Workflow for Production Rightsizing

Measure baseline usage:
- Use kubectl top pods --namespace <ns> to observe current CPU/memory usage.
- Check historical metrics via Prometheus or kubectl describe pod <pod> for OOM kills or throttling.
- Example: kubectl get hpa -A to review existing autoscalers.
Set conservative initial limits:
- Start with requests at 25-50% above observed usage to avoid immediate OOM.
- Use limits to cap resource-hungry workloads (e.g., resources.limits.memory: "512Mi").
- Validate with kubectl describe pod <pod> to ensure scheduler accepts requests.
Monitor and adjust:
- Track throttling events: kubectl describe pod <pod> | grep -i "throttled"
- Use Prometheus alerts for sustained usage >80% of limits.
- Gradually tighten limits/request as confidence grows.
Enforce policies:
- Apply resource quotas per namespace: kubectl apply -f quota.yaml.
- Use admission controllers (e.g., OPA Gatekeeper) to reject pods without limits.

Automate with HPA/VPA:

Deploy Horizontal Pod Autoscaler (HPA) for stable workloads:

apiVersion: autoscaling/v2  
kind: HorizontalPodAutoscaler  
metadata:  
  name: my-app-hpa  
spec:  
  scaleTargetRef:  
    apiVersion: apps/v1  
    kind: Deployment  
    name: my-app  
  minReplicas: 2  
  maxReplicas: 10  
  metrics:  
  - type: Resource  
    resource:  
      name: cpu  
      target:  
        type: Utilization  
        averageUtilization: 70

For dynamic workloads, use Vertical Pod Autoscaler (VPA) in recommend mode first.
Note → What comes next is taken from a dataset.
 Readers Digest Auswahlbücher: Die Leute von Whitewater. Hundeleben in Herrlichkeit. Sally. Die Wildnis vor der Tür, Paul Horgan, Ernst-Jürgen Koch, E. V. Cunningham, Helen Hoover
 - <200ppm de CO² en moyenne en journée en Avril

Policy Example: Resource Quota

apiVersion: v1  
kind: ResourceQuota  
metadata:  
  name: prod-quota  
spec:  
  hard:  
    requests.memory: "16Gi"  
    limits.memory: "32Gi"  
    requests.cpu: "8"  
    limits.cpu: "16"

Apply with kubectl apply -f quota.yaml.

Tooling

Goldilocks: Analyzes historical usage to recommend limits. Run as a sidecar:

kubectl apply -f https://raw.githubusercontent.com/FairwindsOps/goldilocks/main/deploy/goldilocks.yaml

VPA: Kubernetes-native recommender/autoscaler. Start in recommend mode:

kubectl apply -f https://raw.githubusercontent.com/kubernetes/autoscaler/master/cluster/vpa/deploy/1.21/

Prometheus + Grafana: Visualize usage trends and set alerts.
HPA: Built-in horizontal scaling for stable metrics.

Tradeoffs and Caveats

VPA in auto mode: Can cause excessive rescheduling if limits are too tight. Start with recommend mode.
HPA limitations: Doesn’t handle vertical scaling; combine with VPA for full coverage.
Overhead: Monitoring and policy enforcement add complexity; balance with workload criticality.
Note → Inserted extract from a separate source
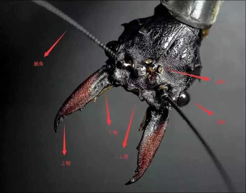 是一个巨齿蛉的头部,上面有着昆虫感觉和取食重要的器官,取食器官主要有上颚、下颚以及图上并不太看得出来的下唇,感觉器官主要有两类眼睛,复眼和背单眼,触角,上唇以及上颚、下颚、下唇上相连的一些与触角类似的结构。不过有时候一种功能的器官也会被征用,执行其他的功能,例如最近的报道,触角在一类化石甲虫中可以起到辅助捕捉猎物的作用;还有一种天牛触角被发现拥有和蝎子毒针类似的结构,可以起到一定的防御作用,有蛰伏的能力,能引起一定程度的红肿。这些器官除了眼睛都是有附肢构成的,也就是一类特化的足。

Troubleshooting Common Issues

OOM kills despite limits:
- Check for memory leaks via kubectl logs --previous <pod>.
- Ensure requests.memory is set to avoid scheduler evictions.
HPA not scaling:
- Verify metrics API is enabled (kubectl api-resources | grep metrics).
- Check HPA events: kubectl describe hpa <hpa-name>.
VPA recommendations too low:
- Review historical usage in VPA custom resource: kubectl get vpa <vpa-name> -o yaml.
- Adjust tolerance for fluctuation in VPA configuration.

Start small, validate often, and automate incrementally. Rightsizing is a process, not a one-time fix.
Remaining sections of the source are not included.